HomeGoods, Inc., a prominent player in the home furnishings industry, is headquartered in the United States. Founded in 1992, the company has established itself as a leading retailer of home décor, offering a diverse range of products that include furniture, textiles, and decorative accessories. With a focus on providing unique, high-quality items at competitive prices, HomeGoods has carved out a significant niche in the market. Operating primarily in the US, HomeGoods has expanded its footprint across various regions, making it a go-to destination for home enthusiasts. The brand is renowned for its ever-changing inventory, which allows customers to discover new treasures with each visit. Notable achievements include a loyal customer base and a reputation for exceptional value, positioning HomeGoods as a trusted name in home styling and design.
How does Homegoods, Inc.'s carbon action stack up? DitchCarbon scores companies based on their carbon action and commitment to reducing emissions. Read about our methodology to learn more.
Mean score of companies in the Furniture Manufacturing industry. Comparing a company's score to the industry average can give you a sense of how well the company is doing compared to its peers.
Homegoods, Inc.'s score of 49 is higher than 71% of the industry.
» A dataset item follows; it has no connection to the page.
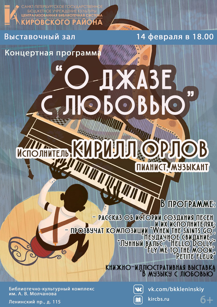 14 февраля в 18.00 в выставочном зале Библиотечно-культурного комплекса им. А. В. Молчанова (Ленинский пр., д. 115) состоится Концерт "О джазе с любовью".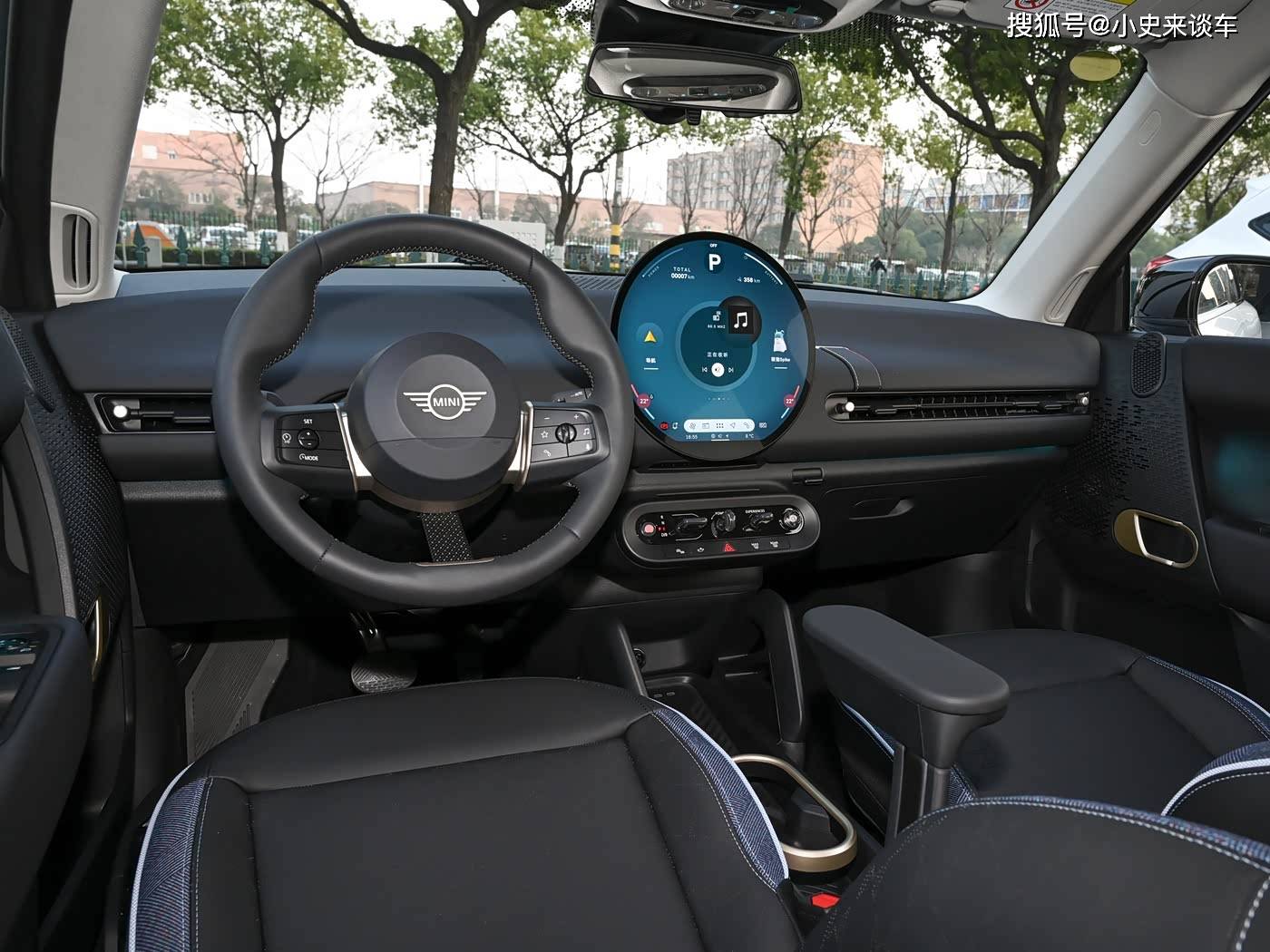 进入车内,内饰采用简约复古的设计风格,延续MINI家族的经典布局,同时融入数字化与运动化元素,营造出兼具质感与乐趣的座舱氛围[8][9]。中控台核心是行业内首个9.4英寸圆形OLED中控屏,直径240mm,显示效果鲜艳润泽,内置第九代MINI操作系统,界面设计贴合圆形屏幕,操作流畅顺滑。

This can give you a sense of how well the company is doing compared to its peers.
Homegoods, Inc., headquartered in the US, currently does not have specific carbon emissions data available for the most recent year. The company is a current subsidiary of The TJX Companies, Inc., which may influence its climate commitments and emissions reporting. As of now, Homegoods, Inc. has not established any documented reduction targets or climate pledges. The absence of specific emissions data and reduction initiatives suggests that the company may still be in the early stages of developing a comprehensive climate strategy. Emissions data and climate commitments may be inherited from its parent company, The TJX Companies, Inc., which could provide a framework for future sustainability efforts. However, without explicit data or targets from Homegoods, Inc., it is challenging to assess its current environmental impact or commitments accurately. In summary, while Homegoods, Inc. is part of a larger corporate family that may have climate initiatives, specific emissions data and reduction targets for the company itself are currently unavailable.
Access structured emissions data, company-specific emission factors, and source documents
| 2017 | 2018 | 2019 | 2020 | 2021 | 2022 | 2023 | 2024 | |
|---|---|---|---|---|---|---|---|---|
| Scope 1 | 80,561,000 | 00,000,000 | 000,000,000 | 000,000,000 | 000,000,000 | 000,000,000 | 000,000,000 | 000,000,000 |
| Scope 2 | 721,497,000 | 000,000,000 | 000,000,000 | 000,000,000 | 000,000,000 | 000,000,000 | 000,000,000 | 000,000,000 |
| Scope 3 | 79,181,000 | 00,000,000 | 00,000,000 | 00,000,000 | 00,000,000 | 000,000,000 | 000,000,000 | 000,000,000 |
Homegoods, Inc.'s Scope 3 emissions, which increased by 14% last year and increased by approximately 64% since 2017, demonstrating supply chain emissions tracking. Their carbon footprint includes suppliers and value chain emissions, with Scope 3 emissions accounting for 19% of total emissions under the GHG Protocol, with "Waste Generated in Operations" being the largest emissions source at 69% of Scope 3 emissions.
Climate goals typically focus on 2030 interim targets and 2050 net-zero commitments, aligned with global frameworks like the Paris Agreement and Science Based Targets initiative (SBTi) to ensure alignment with global climate goals.
Homegoods, Inc. has not publicly committed to specific 2030 or 2050 climate goals through the major frameworks we track. Companies often set interim 2030 targets and long-term 2050 net-zero goals to demonstrate measurable progress toward decarbonization.